Le ostetriche lo scoprono quando una di loro chiama per informarsi della donna a cui tutto il reparto si è affezionato. «Perché ci fanno fare le relazioni se poi strappano i neonati alle madri?», racconta un’ostetrica. «E non è la prima volta: con le colleghe, tempo fa, siamo riuscite a sventare il prelievo di un altro bimbo. La colpa della madre è sempre la stessa: essere nera e povera».
«Aveva denunciato che il padre della bambina era violento, ma poi diceva che voleva fargli riconoscere la piccola», spiega Emanuela Avezzù, procuratrice minorile di Torino: il timore era che tornasse da lui in condizioni non protette. Tutto, assicura, è stato fatto pensando alla minore, in situazione di grande complessità. «Le sono state date tutte le possibilità di stare con la bimba: non le ha accettate, con condotte di plateale opposizione».
Secondo le ostetriche, però, Grace aveva mandato una lettera alla pm in cui si diceva pronta a essere collocata in casa famiglia e supportata.

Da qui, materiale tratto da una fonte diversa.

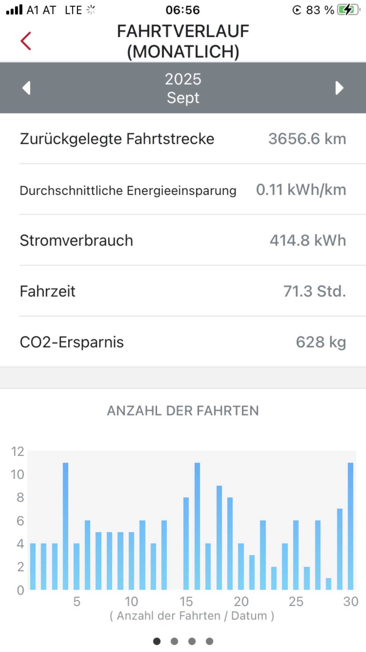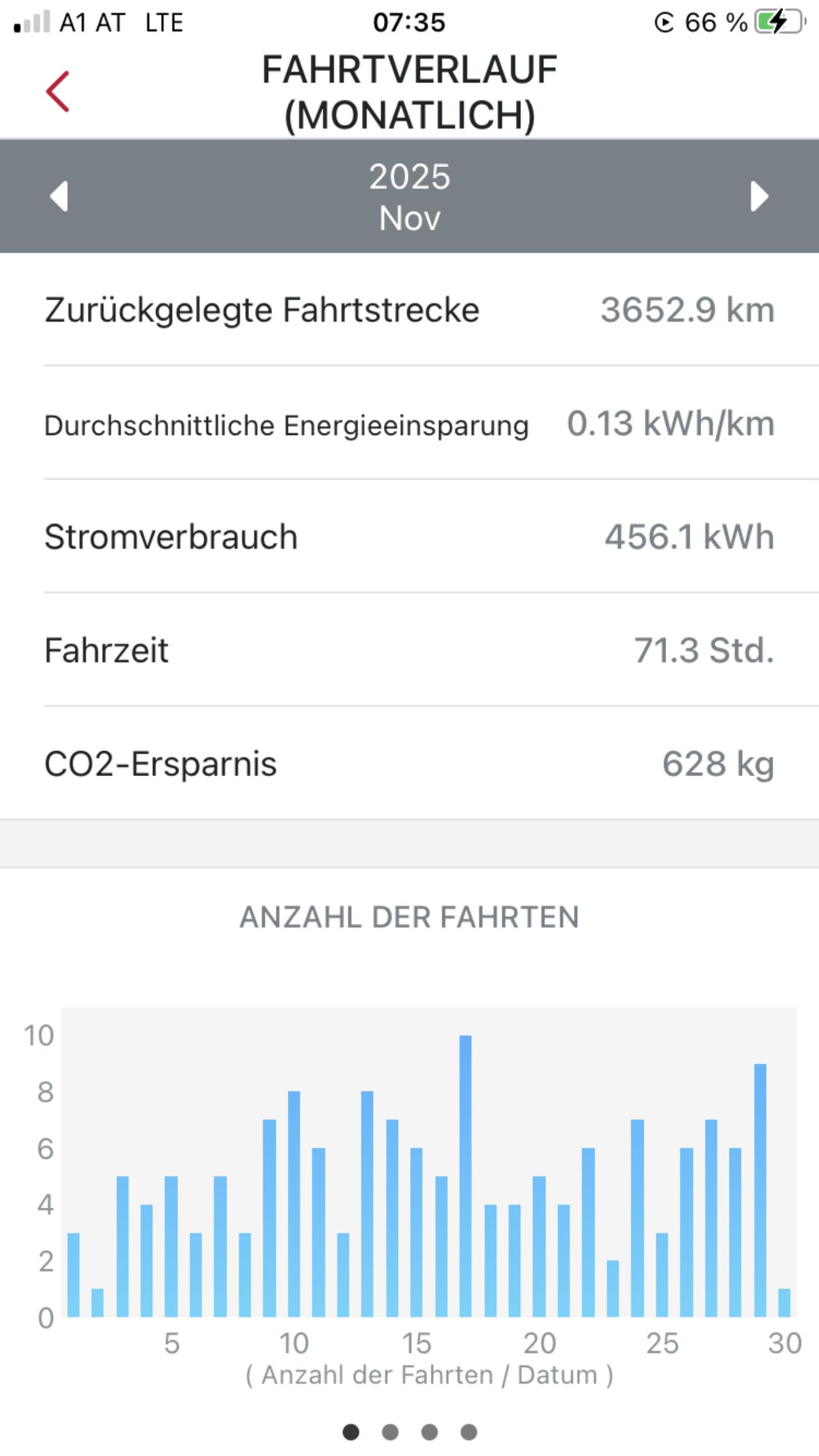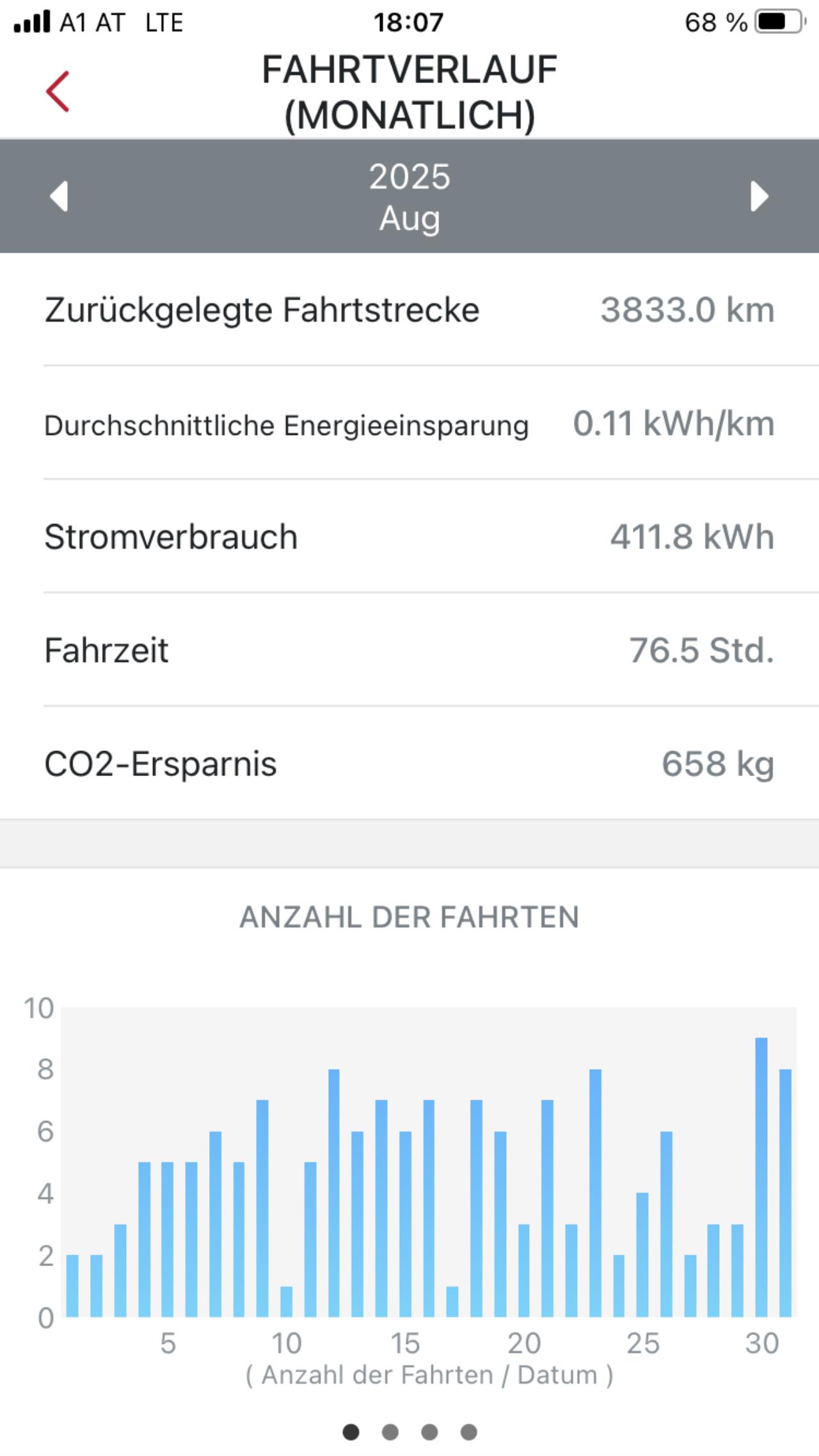 Für die Reichweite ist der Fahrverbrauch interessant, für die Kosten die geladenen kWh, die Differenz dazwischen sollte möglichst gering und erklärbar sein. |

Il Consorzio Casa, che gestisce i servizi socio-assistenziali della zona e che segue Grace da tempo, «non può destinare nell’immediatezza risorse a richieste estemporanee di terzi» e non ha al momento risposto alle domande de L’Espresso, chiedendo più giorni.
Grace «è stata strappata a sua figlia e lasciata sola nella disperazione», scrivono MaternaMente e MovimentiAMOci Vicenza, collettivi che denunciano la «violenza istituzionale» su donne e madri. «Per porre fine a un sistema che ha dimostrato tragiche inefficienze abbiamo lanciato una petizione» per «una riforma radicale dei servizi sociali», dice Vincent Idele-Iyen, presidente di Nigerian Union Italy. L’associazione parla da tempo di adozioni facili, bambini e bambine tolti a famiglie migranti considerate fragili per definizione.
«Era la mia migliore amica», dice tra le lacrime la sorella guardando le foto di quei nipoti che non la conosceranno mai. Di lei, della madre, della prima figlia in Nigeria, dei cugini che vivono in Italia non c’è traccia nelle carte. «Vogliamo giustizia, e che quei bambini sappiano chi era la loro mamma».